Characterization of novel dental composite materials with both antibacterial and potential re-mineralizing activities.
Methods:
Chemical curing UDMA : TEGDMA resin (1:1 by weight) was mixed with chlorhexidine diacetate (2.5 wt%), HEMA (10 or 20 wt%) and Bis (2-methacryloxyethyl) phosphate (MEP) (2 or 10 wt%). This was combined with 50 wt% filler consisting of monocalcium phosphate monohydrate : tricalcium phosphate : nano-silica-fused silicon carbide whiskers (1:1:(1 or 4) by weight). Monomer conversion was assessed via Fourier-transform infrared spectroscopy (FTIR). Kinetics of water sorption, chlorhexidine, calcium and phosphate release from set composite discs (10 mm diameter, 1 mm thick) were investigated using gravimetry, UV spectrometry and ion chromatography. Data were analyzed using factorial analysis. Antibacterial action was quantified using agar diffusion tests and a constant-depth film-fermentor.
Results:
Raising whiskers mass fraction decreased average degree of monomer conversion from 96±3 to 76±5 %. Furthermore, raised whiskers fraction reduced average maximum water sorption (at 4 weeks) and chlorhexidine release (at 6 weeks) from 4±1 and 42±3 wt% (mean±95% C.I.) to 2±0.4 and 30±2 wt%. Reducing HEMA mass fraction also decreased these properties from 3.5±0.5 and 40±2 to 2±0.5 and 35±2 wt%. Calcium and phosphate release (at 2 weeks) also decreased upon raising whiskers or reducing HEMA percentage. Increasing MEP wt% reduced levels of calcium ions release from 0.7±0.2 to 0.4±0.1 mmol/l.
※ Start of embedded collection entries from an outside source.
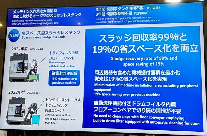 OKUMA針對切削液清潔度問題提出解決方案,其開發了一款Sludgeless Tank(無污泥槽),能有效收集高達99%的污泥,針對鑄件的污泥負荷率高達99%,鋁的部分則達到97%。此外,該設計的單向流動機制有效防止冷卻液因排放而劣化,同時顯著降低冷卻液更換的頻率。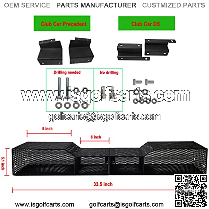 Package include: A Storage Basket and 2 sets (Club Car DS & Precedent) of installation accessories, just choose the one suitable for your car. It’s easy to mount storage rack to your carts.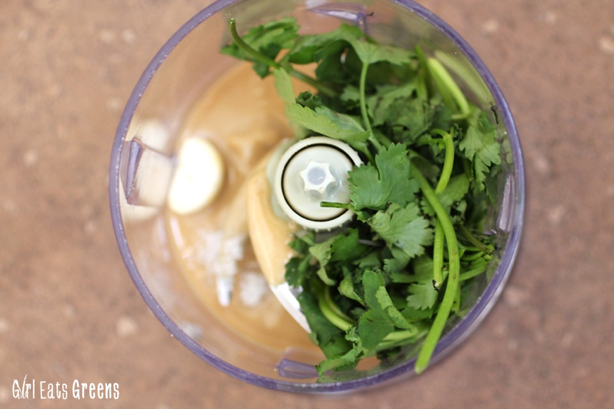 Happy Saturday everyone! I must confess, I had every intention of whipping up an amazing shamrock-shake-esque smoothie to post for today, since we’re so close to St. Patrick’s day. Unfortunately, my day job has been insane these past couple weeks and I’m lucky I had time to get anything ready to post today. So I decided to at least stick with the idea of something green and festive – and share instead a new favorite of mine – cilantro tahini sauce.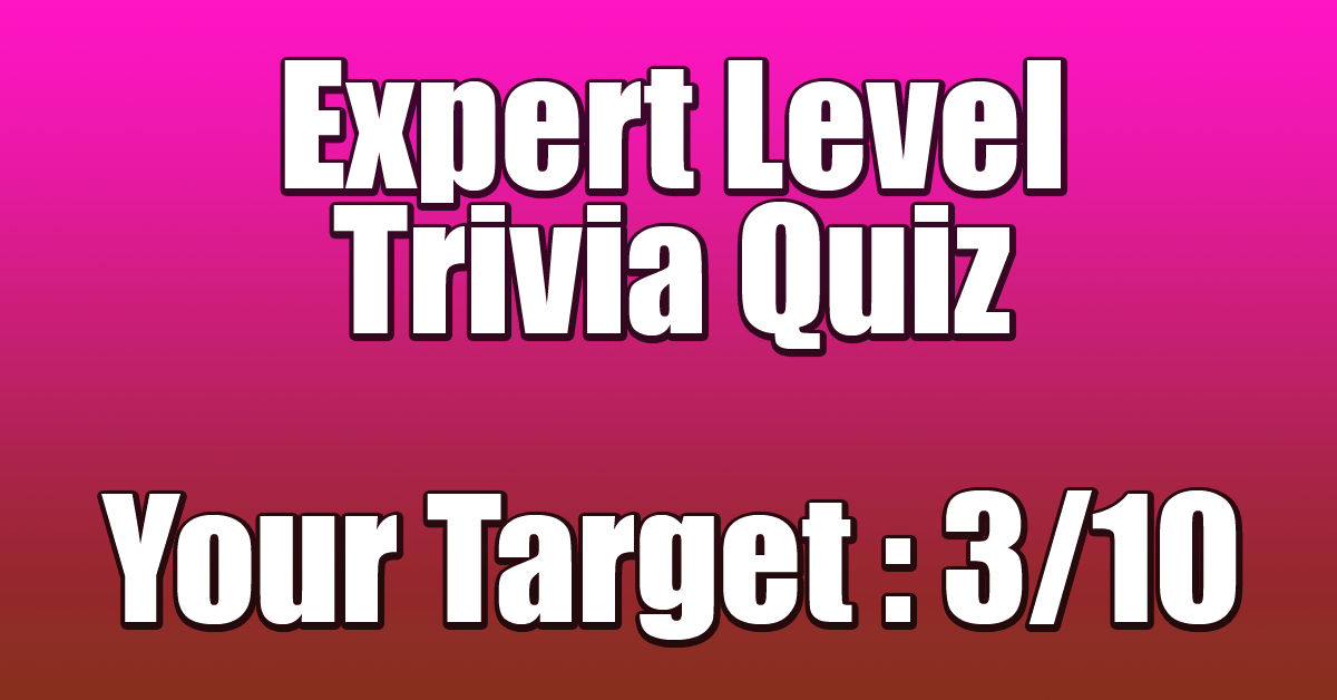 Difficulty : Hard Get 3/10 correct to pass the quiz

Formulations with faster chlorhexidine release exhibited more effective antibacterial action.
Conclusion:
Novel composites with high monomer conversion levels that subsequently release both antibacterial chlorhexidine and Calcium and Phosphate ions have been produced. Factors likely to raise mechanical properties, however, such as reduced monomer hydrophilicity and water sorption or raised reinforcing silicon carbide whiskers and MEP levels tend to reduce release kinetics of active ingredients.